### Data records
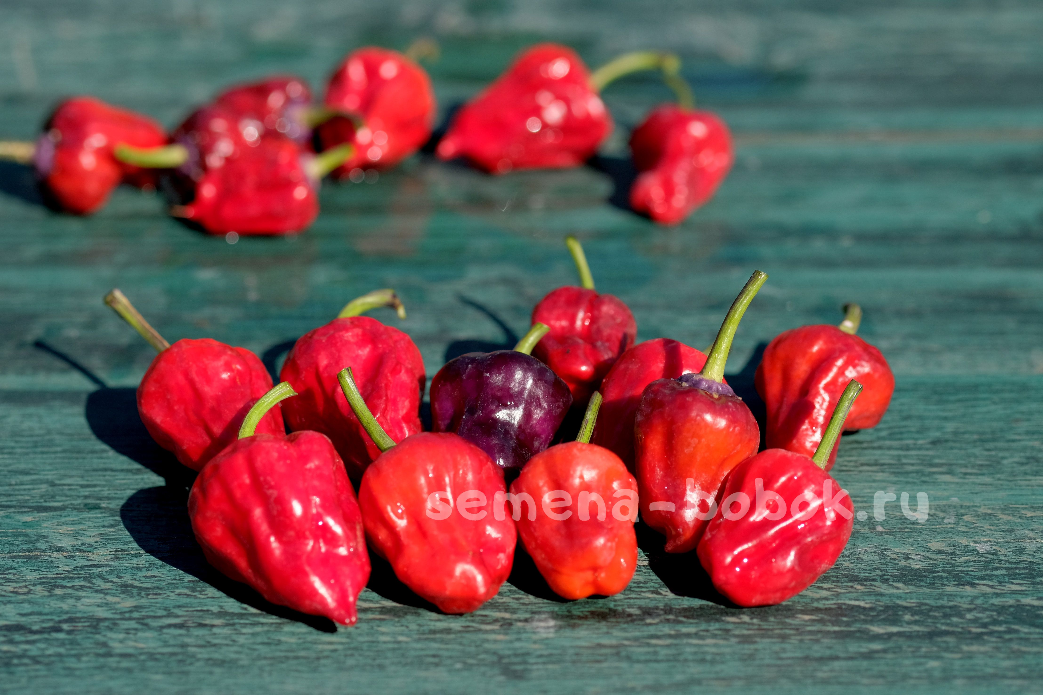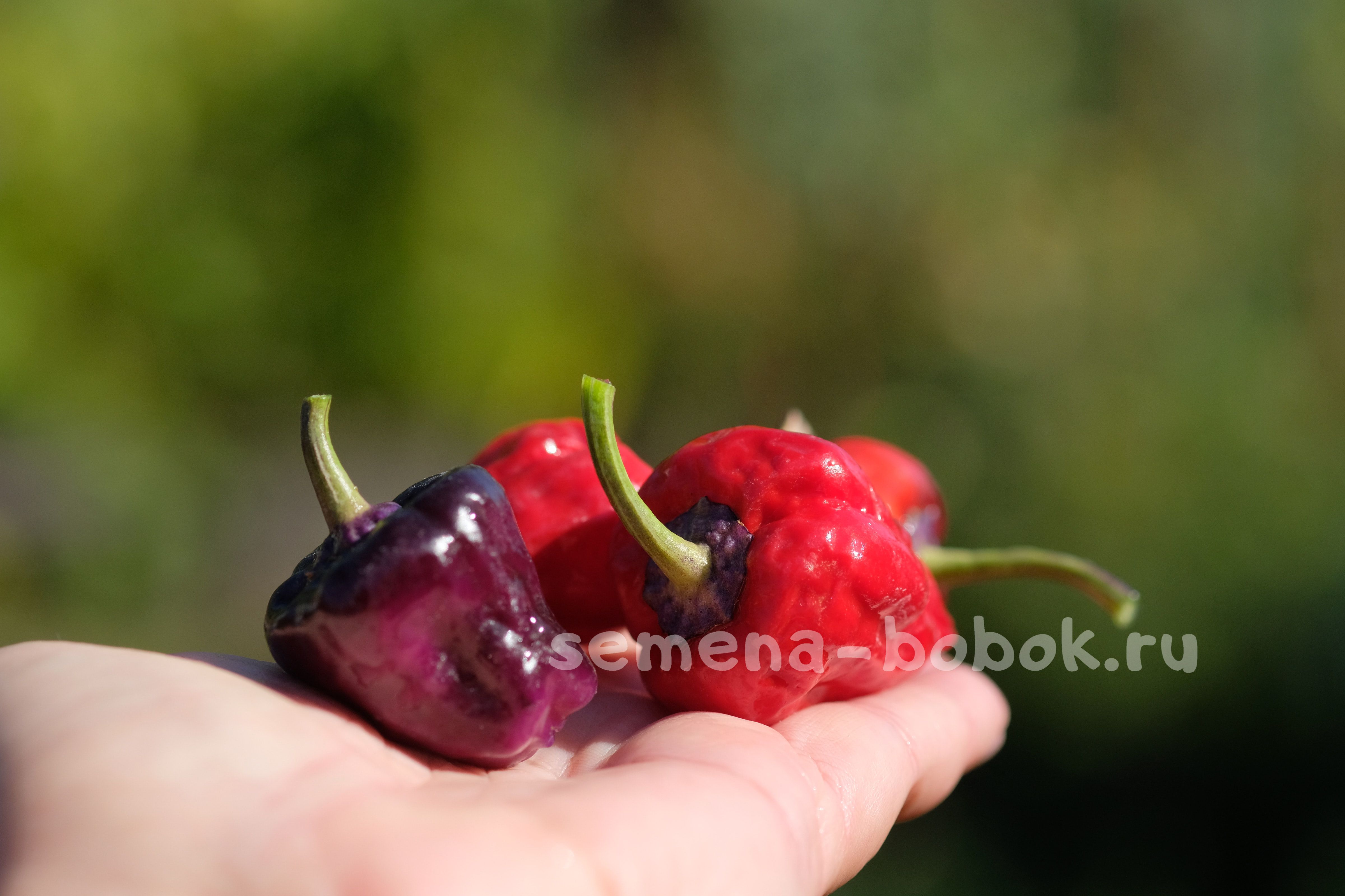 c. Annuum. Довольно необычная форма среди аннумов у этого перца, веретенообразная. Отсюда и название UFO - НЛО. Куст в высоту менее метра при выращивании в кашпо 3 литра. В стороны не особо разрастается, даже после развилки ветки растут строго вверх, этакий стойкий солдатик. Листва с фиолетовым оттенком, плоды сначала также фиолетовые, затем перецветают в кроваво-красный цвет через желтые и оранжевые цвета. Острота средняя - 20-30 тыс. по шкале Сковилла. Вкус и аромат зеленого яблока.
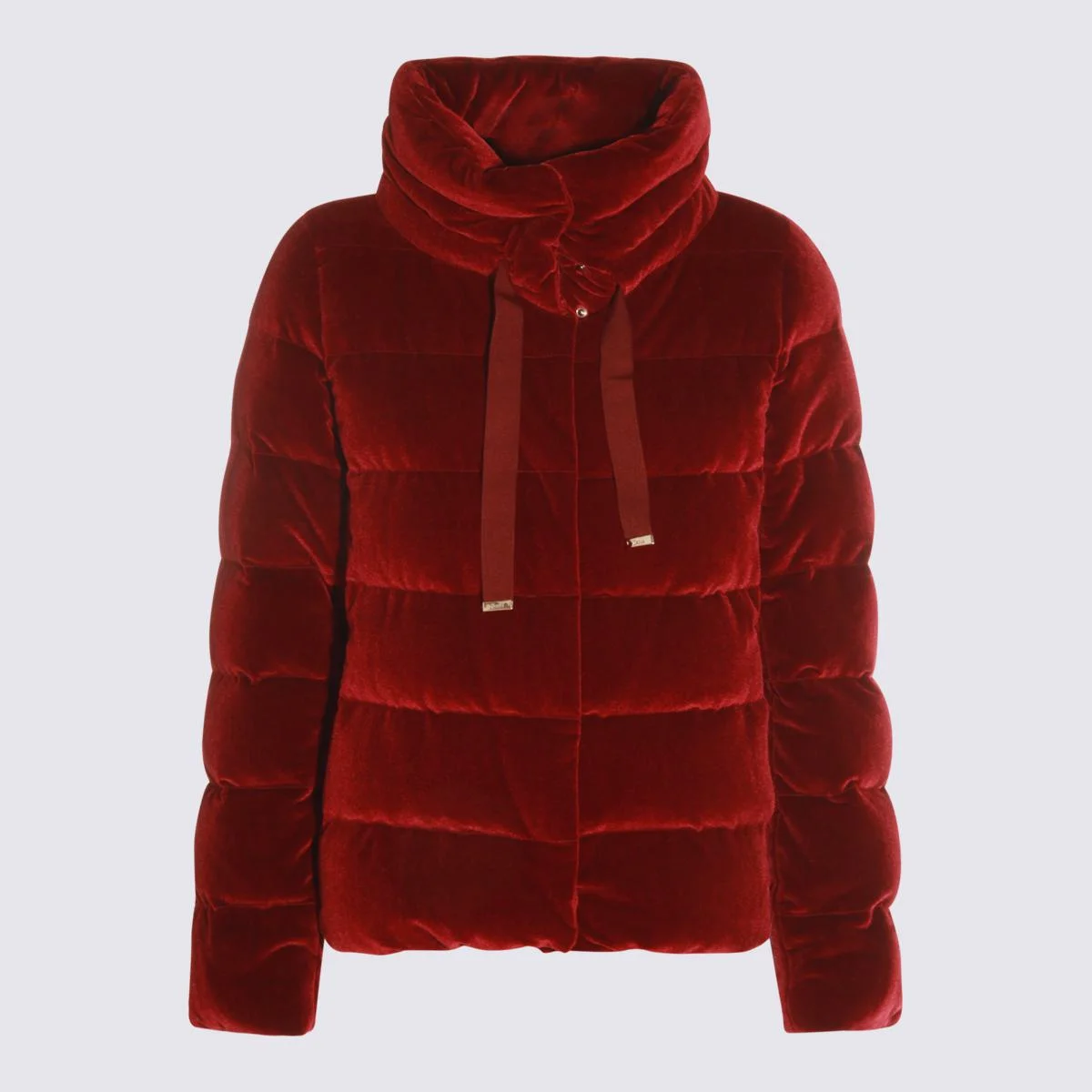 Red down jacket from Herno featuring high collar, long sleeves, frontal fastening and pockets. Size Type: Woman IT Gender: Women Material: 90%POLYESTER 10%ELASTANE Color: Red Made in: Romania Product ID: PI002180D15020S6705 *Import tax/duty will be calculated at checkout (If applicable)
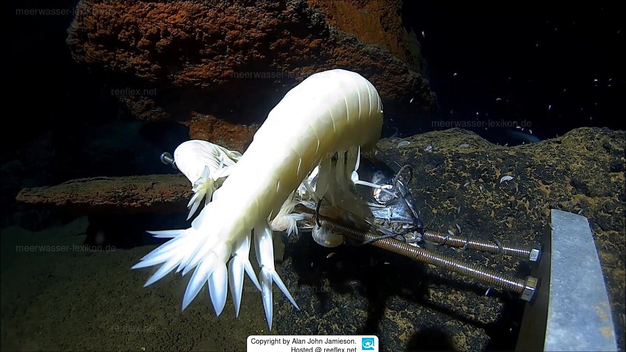 This deep-sea creature plays a special role in the food chain as a scavenger, feeding on dead fish, mammals such as dolphins, whales, sharks, tuna, swordfish, and sea lions. Seals, sea bears, and walruses, whose carcasses sink to the bottom of the sea.
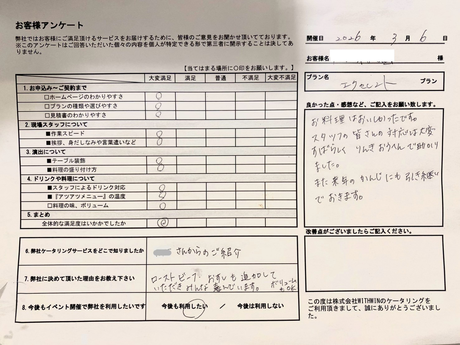 今後も皆さまにご満足いただけるケータリングサービスを目指してまいります。
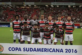 A estreia do Santa Cruz na Sul-Americana: (pé) Keno, Grafite, Tiago Cardoso, Danley, Uillian Correia, Luan Peres e Danny Morais. (agachados): Alan Vieira, João Paulo, Pisano e Léo Moura.
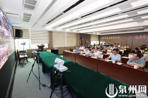 张毅恭在南安市应急指挥中心与基层乡镇、街道视频连线。
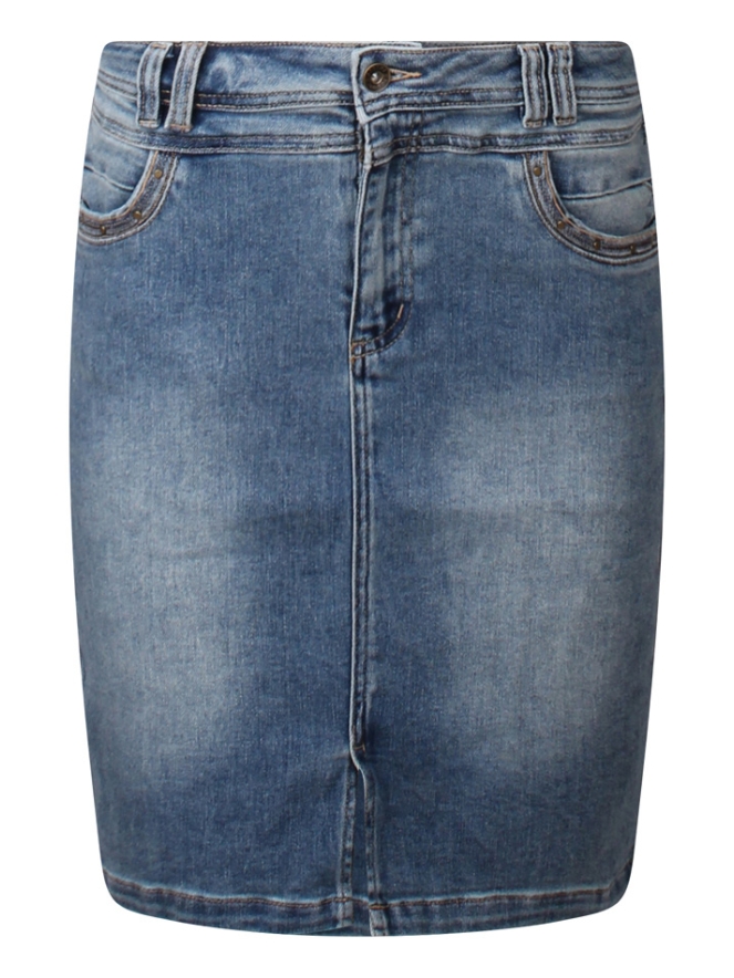 Deze denim rok heeft een klein splitje voor en een paar studs bij alleen de voorste twee zakken. Dit model valt boven de knie.
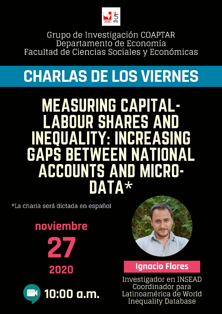 El próximo viernes 27 de noviembre, a las diez de la mañana, se realizará la conferencia “Measuring Capital-Labour Shares and Inequality: Increasing Gaps between National Accounts and Micro-data”, por Ignacio Flores, investigador posdoctoral en INSEAD - Stone center for wealth inequality y coordinador para Latinoamérica y el Caribe de World Inequality Database.
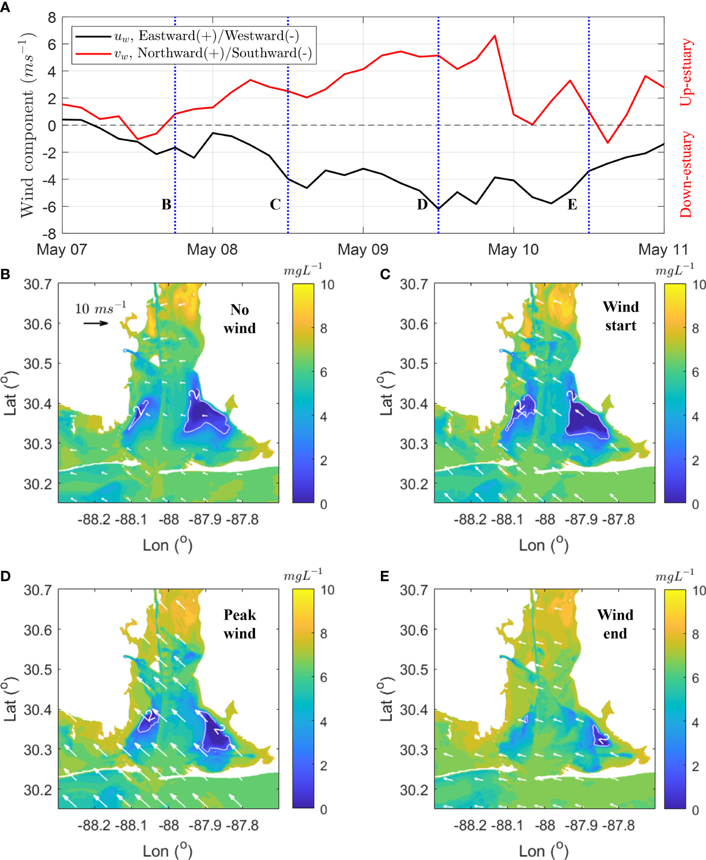 Evolution of bottom DO during a southeast wind event on May 8 – 10. (A) solid lines are 3-hourly averaged raw wind-speed in the center of Mobile Bay (data from NARR) and blue dashed lines denote times corresponding to different phases of the wind event shown (B–E). (B–E) Snapshots of the evolution of bottom DO concentration over the southeast wind event: (B) event initiation, (C) event onset, (D) event peak, and (E) event end. White arrows show magnitude and direction of wind, and the solid white contour lines show the boundaries of the hypoxic zones.
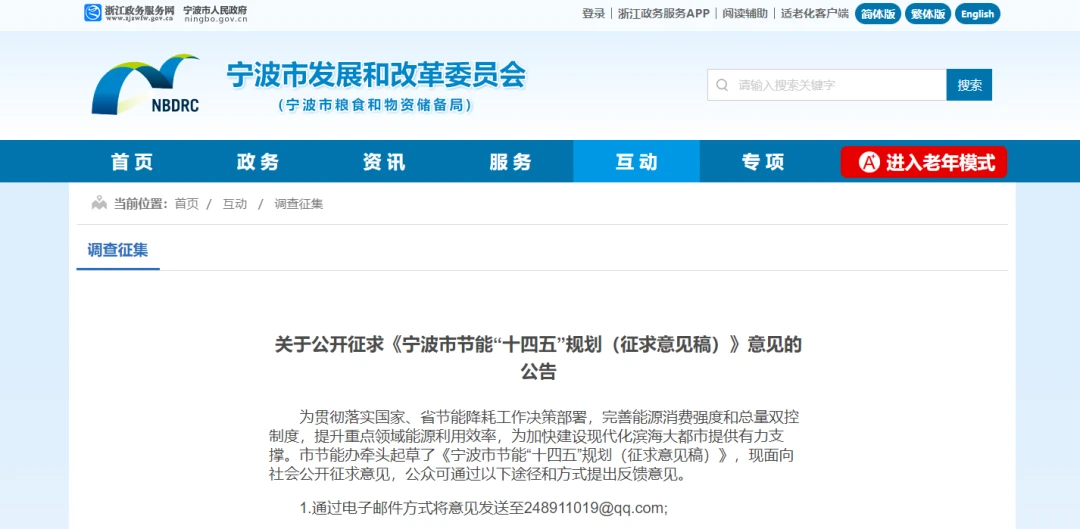 宁波市发展和改革委员会发布公开征求《宁波市节能“十四五”规划(征求意见稿)》意见的公告。
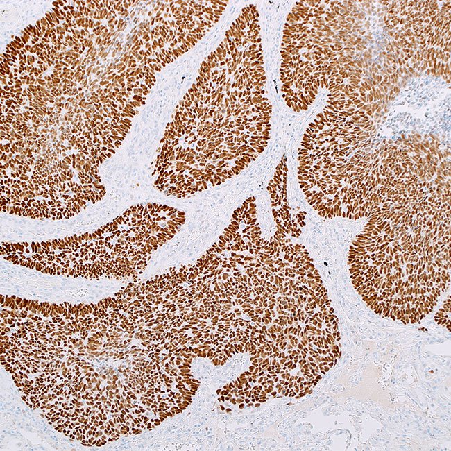 The antibody for the anti-p53 tumor suppressor protein detects a 53 kDa phosphoprotein, known as the product of the p53 suppressor gene. It interacts with both the wild type and mutant versions of p53, but the test using the IHC method relies on the notable buildup of the mutant p53 protein, which has a longer half-life.1 This antibody has demonstrated nuclear staining in breast cancer, lung cancer, colorectal cancer, and urothelial cancer.
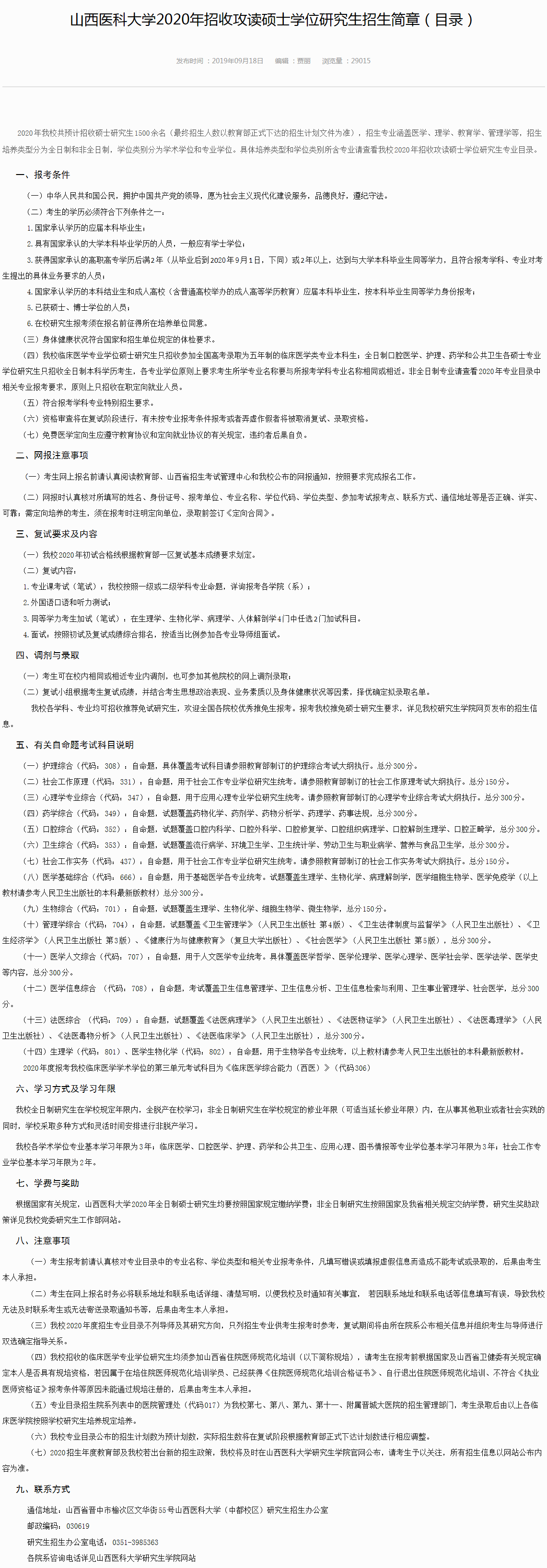 山西医科拼搏(中国)2020年硕士研究生招生章程
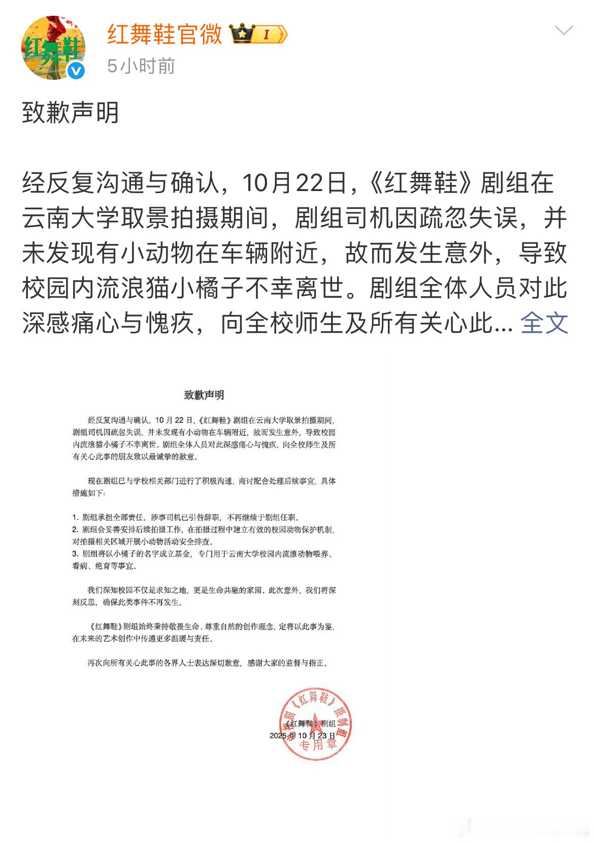 剧组司机在云南大学不慎撞死流浪猫道歉声明

### Task statement
An exact copy is needed of the lines running from the one with "Evolution of bottom DO during" through the end of the data above, and of those lines only, without pictures.

### Solution to this problem
 Evolution of bottom DO during a southeast wind event on May 8 – 10. (A) solid lines are 3-hourly averaged raw wind-speed in the center of Mobile Bay (data from NARR) and blue dashed lines denote times corresponding to different phases of the wind event shown (B–E). (B–E) Snapshots of the evolution of bottom DO concentration over the southeast wind event: (B) event initiation, (C) event onset, (D) event peak, and (E) event end. White arrows show magnitude and direction of wind, and the solid white contour lines show the boundaries of the hypoxic zones.
 宁波市发展和改革委员会发布公开征求《宁波市节能“十四五”规划(征求意见稿)》意见的公告。
 The antibody for the anti-p53 tumor suppressor protein detects a 53 kDa phosphoprotein, known as the product of the p53 suppressor gene. It interacts with both the wild type and mutant versions of p53, but the test using the IHC method relies on the notable buildup of the mutant p53 protein, which has a longer half-life.1 This antibody has demonstrated nuclear staining in breast cancer, lung cancer, colorectal cancer, and urothelial cancer.
 山西医科拼搏(中国)2020年硕士研究生招生章程
 剧组司机在云南大学不慎撞死流浪猫道歉声明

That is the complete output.